Letztlich sagt das weniger über den Staat aus als über die großen Kirchen, die sich dadurch nicht mehr als geistliche Strukturen, sondern als weltliche in der Art von Interessenvereinen darstellen, jedenfalls als völlig unabhängige von dem, der da gesagt hat, daß »seine Regentschaft nicht von dieser Welt ist« (Joh. 18, 36). Wären die Kirchen nicht weltlich korrumpiert, müßten sie aus allen Rohren gegen den staatlichen Religionsunterricht schießen statt ihn zu verteidigen.
Wie gefährlich das Spiel ist, das die Kirchen spielen, wird langsam dort deutlich, wo Muslime mit Verweis auf Gleichbehandlung die selben Privilegien einfordern, wie sie die Kirchen genießen. Auf Dauer wird man ihnen diese nicht verwehren können, es sei denn, die Kirchen verzichten selbst, und die Privilegien entfallen für alle: Konsequente Trennung von Staat und Religion, am besten mit Verfassungsgarantie. Wird der Islam aber künftig ähnlich staatlich unterstützt und privilegiert wie die Großkirchen, subventiniert die freiheitlich-demokratische Grundordnung mittelfristig ihre eigene Abschaffung.
Glaubensgemeinschaften sollten nur insofern das Recht haben, staatlichen Schutz zu verlangen, wie sie ihrerseits ausschließlich geistliche Strukturen sind, die eine ausreichende Staatsferne aufweisen. Dies trifft in Deutschland gerade auf die Großkirchen nicht zu, aber ausgerechnet an diese wird staatlicherseits zuerst gedacht, wenn es um den grundgesetzlich verbrieften Schutz der Glaubensgemeinschaften geht. Die katholische Kirche bezeichnet sich selbst als »Weltkirche« und auch die evangelischen Landeskirchen sind weltliche Kirchen, wie sich eben beispielhaft in Konkordaten, Religionsunterricht, Kirchensteuer und Theologenausbildung zeigt. Noch sind Großkirchen und Staat auf das engste miteinander verbunden. Und der Islam macht gar keinen Hehl daraus, daß er auf demographischem Wege nach einer politischen Machtübernahme in Europa strebt.

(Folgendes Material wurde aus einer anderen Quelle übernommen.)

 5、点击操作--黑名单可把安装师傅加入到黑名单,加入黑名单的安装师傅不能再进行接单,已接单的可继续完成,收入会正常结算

Die Trennung von Staat und Religion wird dabei immer von zwei Seiten bedroht: Einerseits gibt es Religionsgemeinschaften, die nach weltlicher Macht streben wie Islam und Katholizismus oder die einfach nur nach den »Fleischtöpfen Ägyptens«, also nach Steuergeld gieren.

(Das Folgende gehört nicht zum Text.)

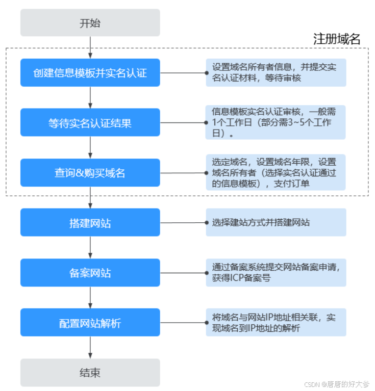 域名申请. Internet上有成千上万台主机,每一台主机都对应一个唯一的IP地址。IP地址因不具备实际意义,非常难于记忆,于是就产生了域名。域名(Domain Name)是一串用点分隔的字符串组成的名称(例如huaweicloud.com),用于在Internet上标识一组服务器(网站、电子邮件、Web应用等)的地址。域名的“域名所有者类型”包括“个人”或者“企业”。当域名应用于部署在中国大陆节点的网站时,需要进行备案审核。

Umgekehrt gibt es aber auch immer wieder weltliche Ideologien, die sich durch einen religiösen Überbau (zusätzliche) Legitimität verschaffen wollen. Bereits am 19. März hatte ich die religiöse Überhöhung des Nationalsozialismus dargestellt. Ergänzend sei dazu noch bemerkt, daß ja schon die Svastika, das Hakenkreuz, ein genuin religiöses Symbol ist. Sozialismen sind ohnehin tief religiöse Ideologien, auch wenn sie dies nicht gern hören und durch demonstrativen Atheismus zu verleugnen suchen. Am Beispiel von Louis Fürnbergs »Lied der Partei« ist exemplarisch zu sehen, daß der Sozialismus der DDR genauso religiös war wie der Nationalsozialismus:
Lied der Partei
Louis Fürnberg
Sie hat uns alles gegeben,
Sonne und Wind. Und sie geizte nie.
Wo sie war, war das Leben,
was wir sind, sind wir durch sie.
Sie hat uns niemals verlassen.
Fror auch die Welt, uns war warm.
Uns schützt die Mutter der Massen!
Uns trägt ihr mächtiger Arm.
Die Partei, die Partei, die hat immer Recht,
und, Genossen, es bleibet dabei:
Denn wer kämpft für das Recht,
der hat immer recht, gegen Lüge und Ausbeuterei.
Wer das Leben beleidigt, ist dumm oder schlecht.
Wer die Menschheit verteidigt, hat immer recht.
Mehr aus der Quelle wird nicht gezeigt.